Rosette converts between simplified and traditional Chinese scripts
A Brit’s “I’m going to have a kip” is nearly incomprehensible to most Americans. No wonder people say that Great Britain and the U.S. are two countries divided by the same language. But, Chinese-speaking countries like China and Taiwan or Hong Kong and Singapore truly are countries divided by the same language — because Chinese is written two ways.
China and Singapore use the simplified Chinese script that was introduced during Mao’s Great Leap Forward in 1950s China. Simplified Chinese reduced the number of strokes, but also forced some characters to take the place of what was two similar-sounding characters (but often with completely unrelated meanings!). Taiwan and Hong Kong stuck with the traditional Chinese writing system. While the two scripts have the same origin, they are different enough that a person accustomed to traditional Chinese will have some difficulty reading simplified Chinese, and vice-versa.
The simplified character 发 pronounced fa replaced two characters, also pronounced fa: 發 (meaning emit) and 髮 (meaning hair)
Character-by-character conversion could give you 出髮 (= emitting hair?)

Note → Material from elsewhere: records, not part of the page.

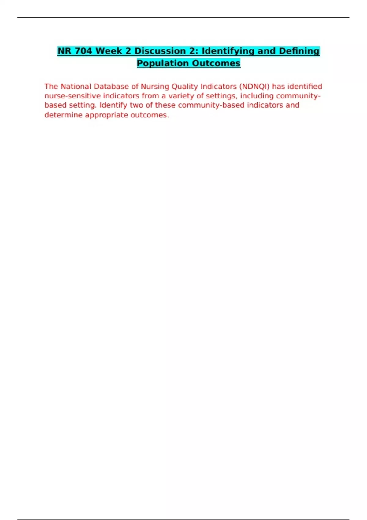 NR-704 WEEK 2 DISCUSSION 2 CORRECTLY ANSWERED /LATEST UPDATE VERSION/ GRADED A+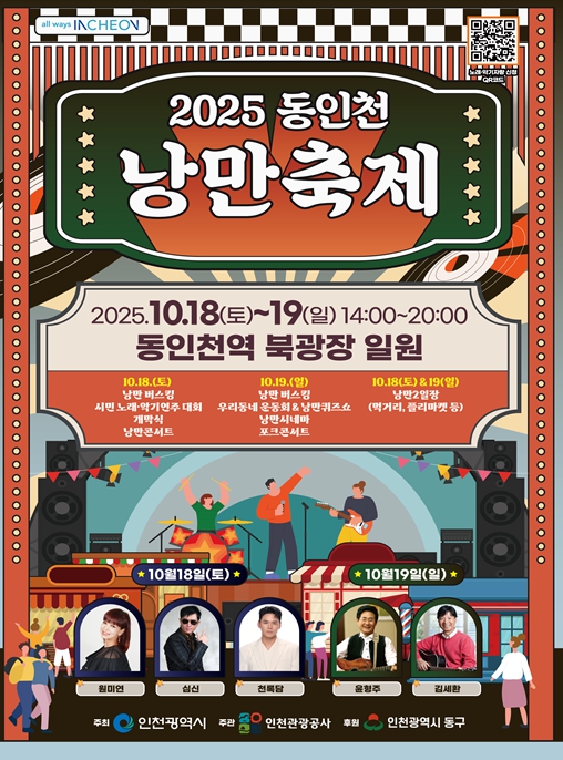[무한뉴스=정승훈 기자] 인천광역시는 오는 10월 18일부터 19일까지 이틀간 동인천역 북광장에서 ‘2025년 동인천 낭만축제’를 개최한다고 밝혔다.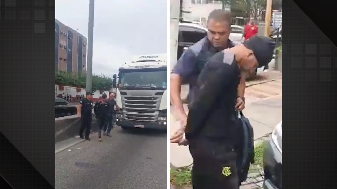 A ação ocorreu na Avenida Brasil, altura do bairro da Penha, Zona Norte do RioPoliciais civis e militares atuaram em conjunto ao prender em flagrante dois assaltantes, neste sábado (28), na Avenida Brasil, altura do bairro da Penha, Zona Norte do Rio. Os dois homens tentaram roubar dois caminhões de uma empresa de cerveja com carga avaliada em cerca de R$ 215 mil.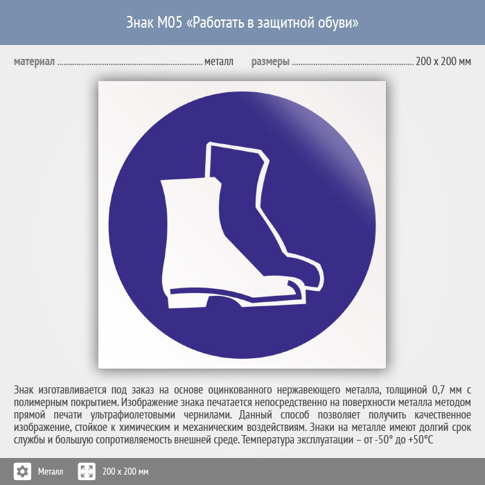 Знак M05 «Работать в защитной обуви» (металл, 200х200 мм) в Лобне купить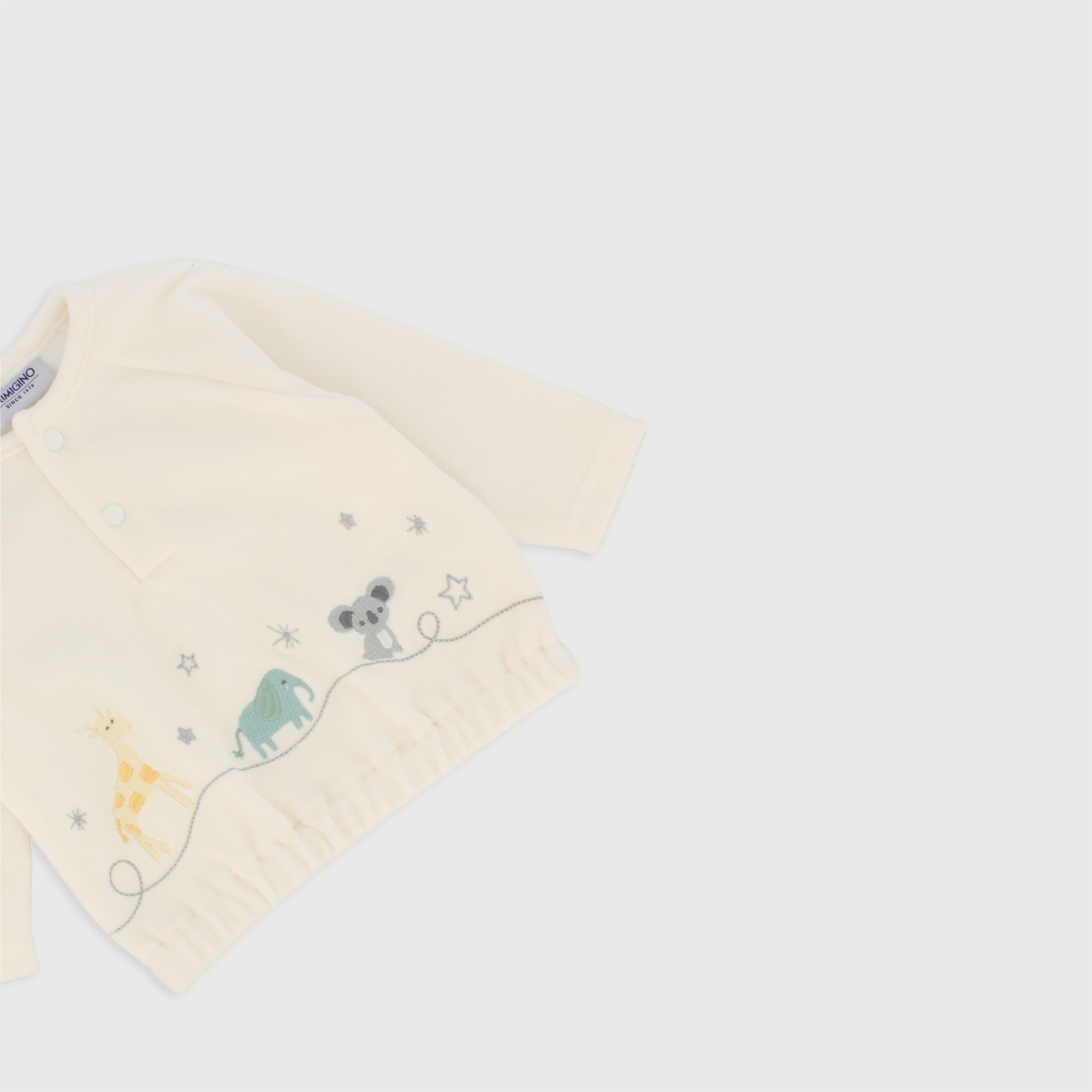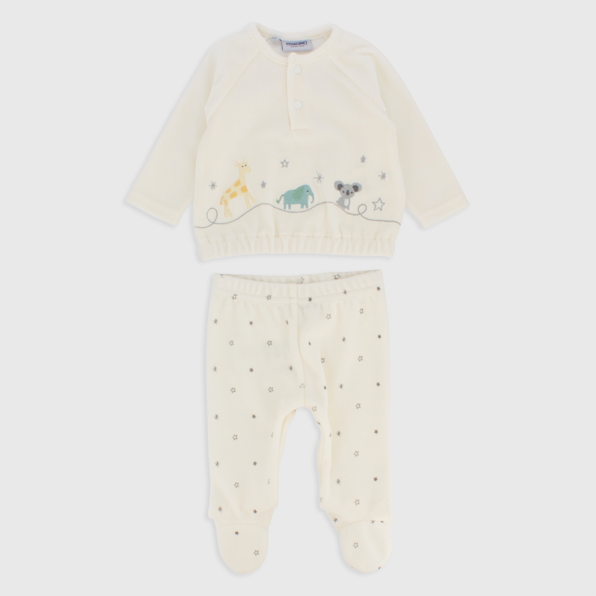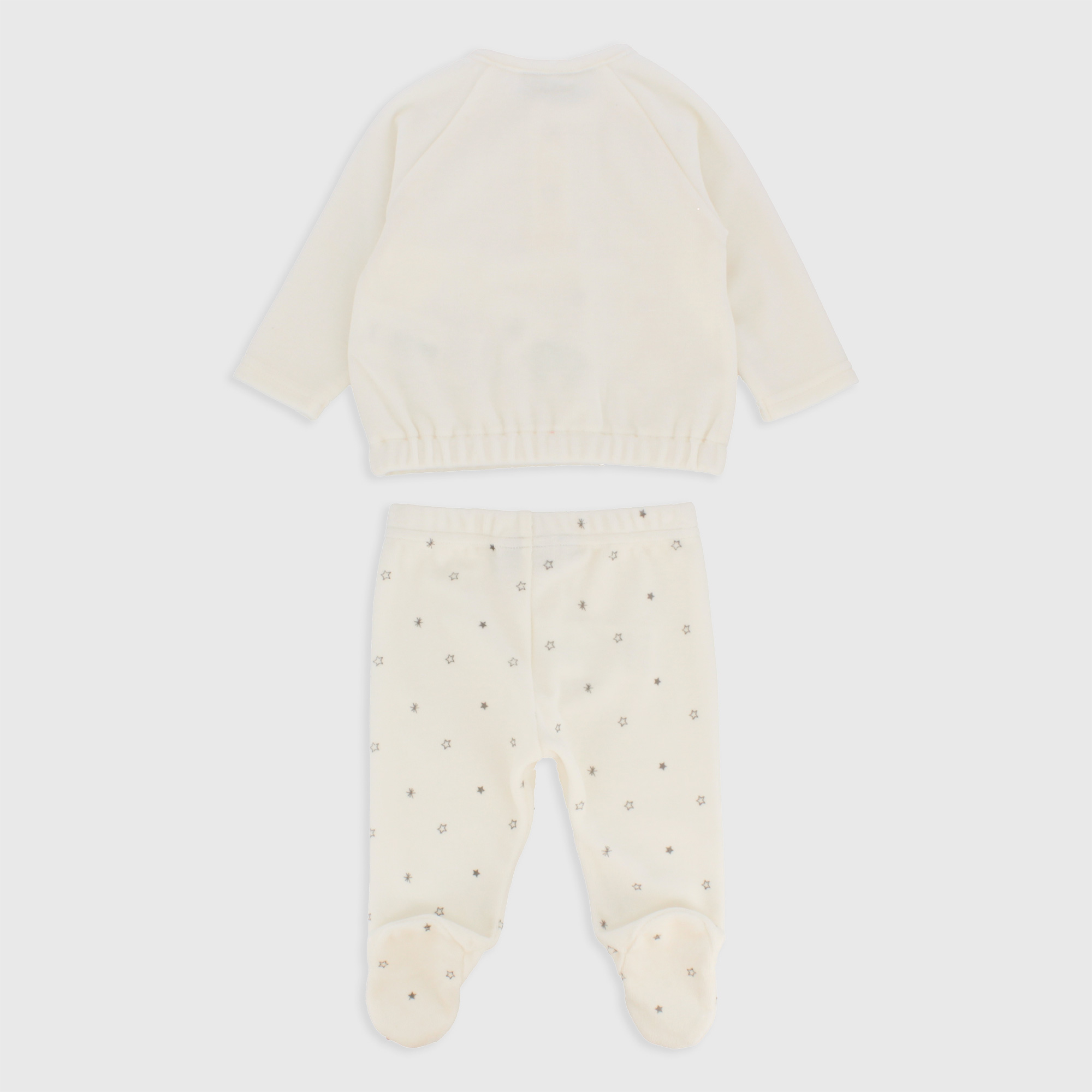 Combiné composé de deux pièces. pull en chenille avec col rond, manches longues. boutons devant. animaux brodés, et fond avec élastique.guêtres en chenille avec taille élastique e pieds. imprimé all-over avec étoiles.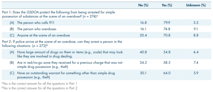 A secondary analysis was conducted to assess the understanding of when and to whom the GSDOA provides legal protection at overdose events.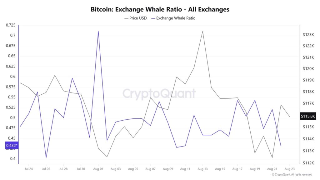 อีกหนึ่งปัจจัยหนุนราคาคือการเคลื่อนไหวของวาฬ ข้อมูลของ CryptoQuant ระบุว่า Exchange Whale Ratio ลดลงแตะ 0.43ซึ่งเป็นระดับต่ำสุดในรอบ 12 วัน แสดงถึงการย้าย Bitcoin เข้ากระดานเทรดมีปริมาณน้อยลง

To avoid asking users to type their search in twice (in both scripts) or to do any comprehensive Chinese text processing, all the text must be converted to one script, analyzed, and then results displayed in the user’s preferred script. It’s a special machine translation problem that would be a major headache for a business whose core competency wasn’t multilingualism.
Luckily, Rosette’s Chinese Script Converter function tackles this problem for you! Equipped with dictionaries and linguistic smarts, Rosette can handle the trickiest script conversion use cases. For example:
Translating word-by-word instead of character-by-character
Especially when converting from simplified to traditional Chinese, you’re faced with a one-to-many conversion problem. A simple character-to-character mapping might give you gibberish. With knowledge of words, Rosette chooses the correct conversion from 出发 (set off) to 出發 (set off) and not 出髮 (emitting hair).
In a conversion to traditional Chinese gone wrong, one could never find documents with 出發 as they would be indexed as the non-word 出髮 — never to be found.
Traditional Chinese | Simplified Chinese | Pronunciation (meaning) |
出發 | 出发 | chūfā (set off) |
頭髮 | 头发 | tóufǎ (hair) |
Translation cases where the word is entirely different
Cases like the British “kip” to the American “nap” are especially difficult to handle. As China and Taiwan developed independently, it’s not surprising each country came up with different words for new concepts, especially technological advances.